I have a multicultural family. After my mother passed away, our father eventually met a Mexican divorcée from work. Our family grew instantly. Growing up, it seemed normal for me to have a family of an Irish-French dad, a Mexican mom, three brown-skinned older brothers, an older sister who spoke very little English, and two small freckled orphans.
As you can imagine, our family photos are…incongruous. Hilariously so.
Sometimes on trips, people who didn’t know us assumed our stepmother was our au pair nanny. It annoyed me, and looking back, must have been very difficult for my stepmother.
It reminded me that I wasn’t like other kids, which is the hardest thing to endure for children. I felt abnormal. For one thing, it reminded me over and over again in the most public of places that my mother was dead.

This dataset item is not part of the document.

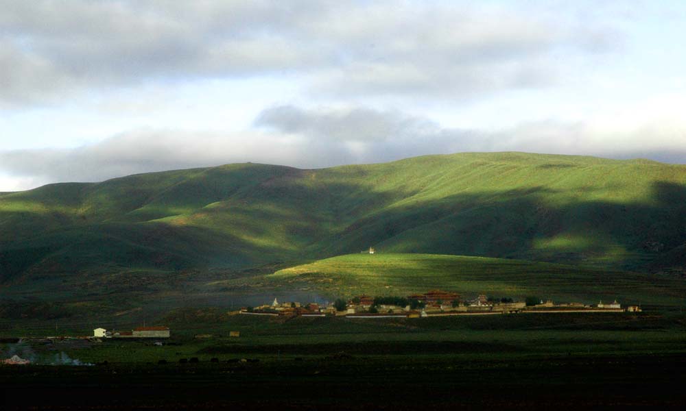走出尼舍不久,看见桑曲卓玛追了上来,我们的女记者向她伸出手,牵着她,走向大经堂。我看见山下的白塔被涂成了金色,夕阳下的草原让人有一种醉意,有想要唱歌的欲望。娜姆牵着卓玛的手,在歌声中向她和她的寺庙告别:遥望纯净的天空,想起一首古老的歌,那是妈妈,唱给太阳的歌……。大经堂前的空坝上,在附近念经或聊天的尼姑们听到她们的歌声,渐渐围了上来。向一大群人告别,嘴里说着客气的话,心里却有一种淡淡的忧伤,我发现娜姆牵着卓玛的手竟也不愿松开。不得不走了,我们匆忙上了车,车窗外是好多挥动着的手。我摇下车窗,向卓玛及所有的尼姑们伸出手去,作最后的告别。车动了,手松了,心里却生出了牵挂,我突然意识到,有一天我还要回到这里,因为卓玛抑或是田宇。我们的车沿着小路下山,转弯的时候,我看见卓玛抑或是田宇还站在高高的坝子上,挥着手,目送我们离去。尼姑寺最终离开了我的视线,而前方,渐渐靠近的阿坝县城,格尔登寺高高耸立的白塔正承接着最后一抹夕阳。

It made me feel like I didn’t belong to anyone.
At first, my stepmother didn’t know how to react either. She would say, “oh no, she is an orphan, I married her daddy. I’m not her nanny.” I hated that response – people would remark on how sad it was. Sometimes it made me feel like she didn’t want me to be her daughter, or that people thought, “This miserable child must have been rejected by her real family.”
Even at that young age, I understood that to be asked “Are you the nanny?” not only hurt me and my stepmom, but also suggested some underlying prejudice. Who were they to assume that I wasn’t adopted? Or that she was my biological mom, and that perhaps I just looked like my father?
As I became older and we moved to a bigger town, I really started to see how frustrated my stepmother would get when people would assume she wasn’t a Canadian citizen, or that she didn’t speak English, or that a white Canadian husband and children couldn’t possibly be her real family. Her hair dye got blonder and blonder, I think in an attempt to normalize our family appearance.
I became quite mouthy with adults. I would purposefully make adults who asked me annoying and prying questions squirm! I would bluntly answer them with “She’s the only mother I have, my real mother is DEAD.” And then stare at them.
I became defensive, haughty and morose, and hated going out to restaurants on holiday. I felt like we stood out. I would sometimes get so anxious, I would stay in the car and read alone. I felt like my parents and brother would have a better, more “normal” time without me. I cultivated the idea that I belonged to nobody. I was definitely a challenging child/teen.
I started asking my stepmother if she wanted me to call her “mom.” She told me that only one woman could be called mom, and that she didn’t want to be my mother, just my friend. Looking back, I can see how respectful she was being of my late mother – but as a little kid, it again reminded me that I was different and something was wrong with me.
After a few years, though, when people asked if she was my nanny, or, “Is she your daughter?” My stepmom started replying, “Yes, this is my daughter.” And at home, she started calling me “Mija” (mi + hija = Spanish term of endearment for “my daughter”). I loved that. I felt claimed and like I belonged. Now, she brags that out of her three biological children and three stepchildren, I am the only one who understands her culture and speaks Spanish.
I guess this is a story of belonging, and how others’ unchallenged assumptions and prejudices falsely teach us that we are different and somehow wrong. For me, it made me feel “orphanized”, reminded over and over again ethat I had no mother. And it’s about my stepmother’s feelings when having a white daughter would cause people to question whether or not SHE belonged in this unusual equation. You could see their minds reeling, “Did she come here as a nanny and then marry the dad when the mom died, for citizenship?” “She’s not a Canadian. Why is she in charge of that Canadian child?” and other idiotic nonsense.
Nowadays, people never question our relationship. We speak Spanish together, travel to Mexico together (where, amusingly, Mexicans assume she is a “gringa” like her daughter and that she cannot speak Spanish!!) and although we have our differences, introduce each other as mother and daughter.